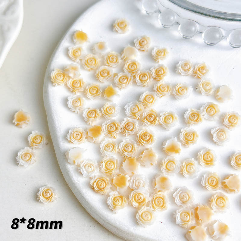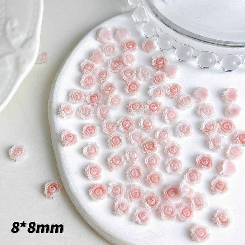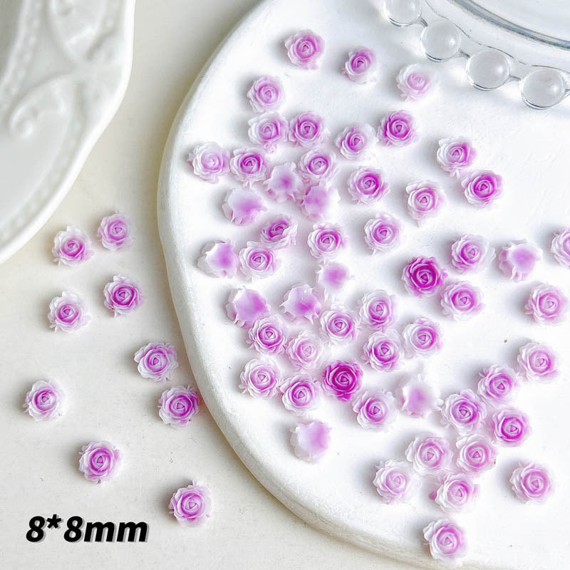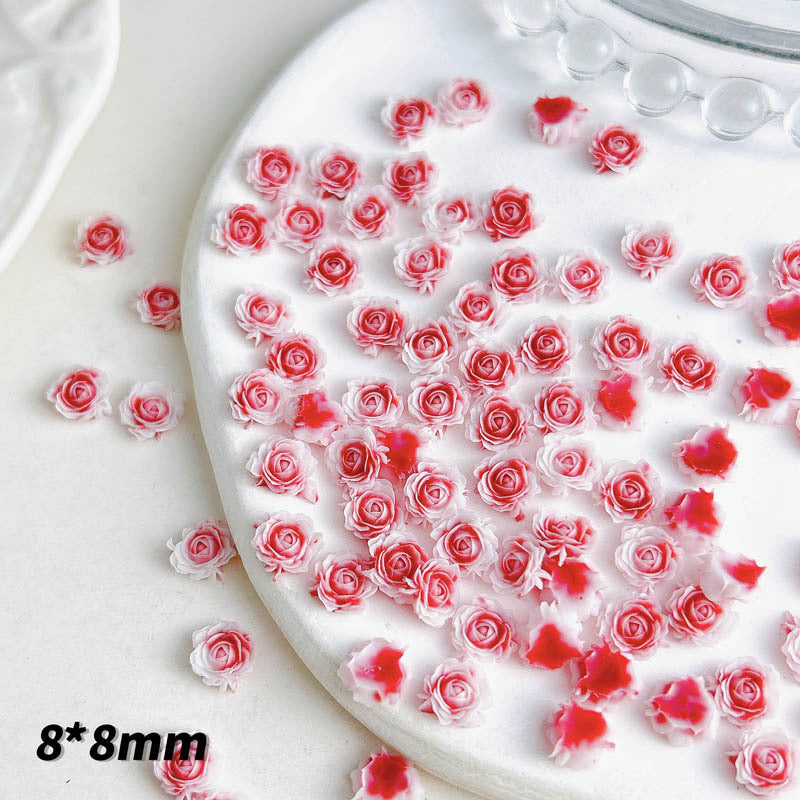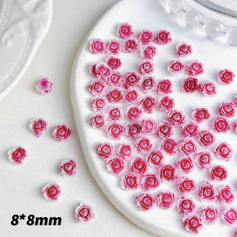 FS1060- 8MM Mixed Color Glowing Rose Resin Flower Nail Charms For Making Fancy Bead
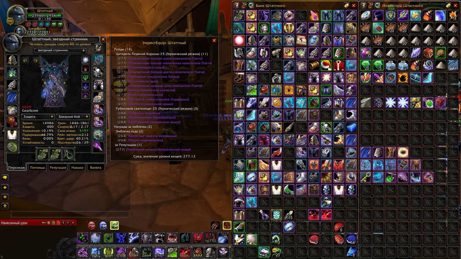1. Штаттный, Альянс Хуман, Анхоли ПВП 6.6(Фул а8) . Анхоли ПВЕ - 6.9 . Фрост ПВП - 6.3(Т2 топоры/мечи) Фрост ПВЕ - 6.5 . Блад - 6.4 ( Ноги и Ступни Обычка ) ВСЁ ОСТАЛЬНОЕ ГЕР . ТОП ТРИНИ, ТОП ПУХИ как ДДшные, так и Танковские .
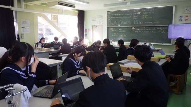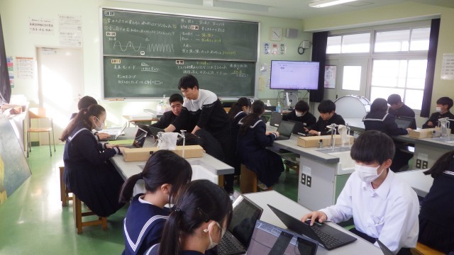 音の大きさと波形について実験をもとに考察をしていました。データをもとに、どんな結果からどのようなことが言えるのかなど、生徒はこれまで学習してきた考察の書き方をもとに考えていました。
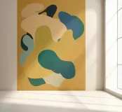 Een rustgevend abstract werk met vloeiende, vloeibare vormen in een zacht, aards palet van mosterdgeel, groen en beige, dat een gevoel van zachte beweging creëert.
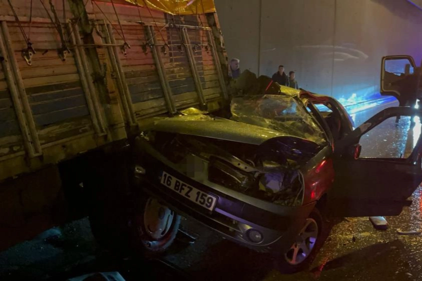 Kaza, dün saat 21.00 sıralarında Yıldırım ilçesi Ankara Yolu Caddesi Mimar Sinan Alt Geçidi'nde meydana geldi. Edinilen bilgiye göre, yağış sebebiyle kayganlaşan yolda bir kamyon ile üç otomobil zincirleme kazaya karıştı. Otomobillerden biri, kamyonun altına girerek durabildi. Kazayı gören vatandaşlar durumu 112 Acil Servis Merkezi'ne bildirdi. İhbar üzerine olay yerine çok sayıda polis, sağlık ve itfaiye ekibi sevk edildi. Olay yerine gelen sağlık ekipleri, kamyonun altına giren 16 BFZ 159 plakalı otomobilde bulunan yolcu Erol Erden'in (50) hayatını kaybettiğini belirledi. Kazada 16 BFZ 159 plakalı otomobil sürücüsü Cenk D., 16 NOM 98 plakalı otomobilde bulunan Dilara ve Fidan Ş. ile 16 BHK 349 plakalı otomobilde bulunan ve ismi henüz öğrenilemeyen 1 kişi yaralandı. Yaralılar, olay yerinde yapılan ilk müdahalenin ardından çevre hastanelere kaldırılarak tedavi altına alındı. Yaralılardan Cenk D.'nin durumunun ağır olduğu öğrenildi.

┄┄┄┄┄┄

#### Goal of the exercise
Repeat each record verbatim, pictures excluded.

#### Output for this exercise
 FS1060- 8MM Mixed Color Glowing Rose Resin Flower Nail Charms For Making Fancy Bead
1. Штаттный, Альянс Хуман, Анхоли ПВП 6.6(Фул а8) . Анхоли ПВЕ - 6.9 . Фрост ПВП - 6.3(Т2 топоры/мечи) Фрост ПВЕ - 6.5 . Блад - 6.4 ( Ноги и Ступни Обычка ) ВСЁ ОСТАЛЬНОЕ ГЕР . ТОП ТРИНИ, ТОП ПУХИ как ДДшные, так и Танковские .
 音の大きさと波形について実験をもとに考察をしていました。データをもとに、どんな結果からどのようなことが言えるのかなど、生徒はこれまで学習してきた考察の書き方をもとに考えていました。
 Een rustgevend abstract werk met vloeiende, vloeibare vormen in een zacht, aards palet van mosterdgeel, groen en beige, dat een gevoel van zachte beweging creëert.
 Kaza, dün saat 21.00 sıralarında Yıldırım ilçesi Ankara Yolu Caddesi Mimar Sinan Alt Geçidi'nde meydana geldi. Edinilen bilgiye göre, yağış sebebiyle kayganlaşan yolda bir kamyon ile üç otomobil zincirleme kazaya karıştı. Otomobillerden biri, kamyonun altına girerek durabildi. Kazayı gören vatandaşlar durumu 112 Acil Servis Merkezi'ne bildirdi. İhbar üzerine olay yerine çok sayıda polis, sağlık ve itfaiye ekibi sevk edildi. Olay yerine gelen sağlık ekipleri, kamyonun altına giren 16 BFZ 159 plakalı otomobilde bulunan yolcu Erol Erden'in (50) hayatını kaybettiğini belirledi. Kazada 16 BFZ 159 plakalı otomobil sürücüsü Cenk D., 16 NOM 98 plakalı otomobilde bulunan Dilara ve Fidan Ş. ile 16 BHK 349 plakalı otomobilde bulunan ve ismi henüz öğrenilemeyen 1 kişi yaralandı. Yaralılar, olay yerinde yapılan ilk müdahalenin ardından çevre hastanelere kaldırılarak tedavi altına alındı. Yaralılardan Cenk D.'nin durumunun ağır olduğu öğrenildi.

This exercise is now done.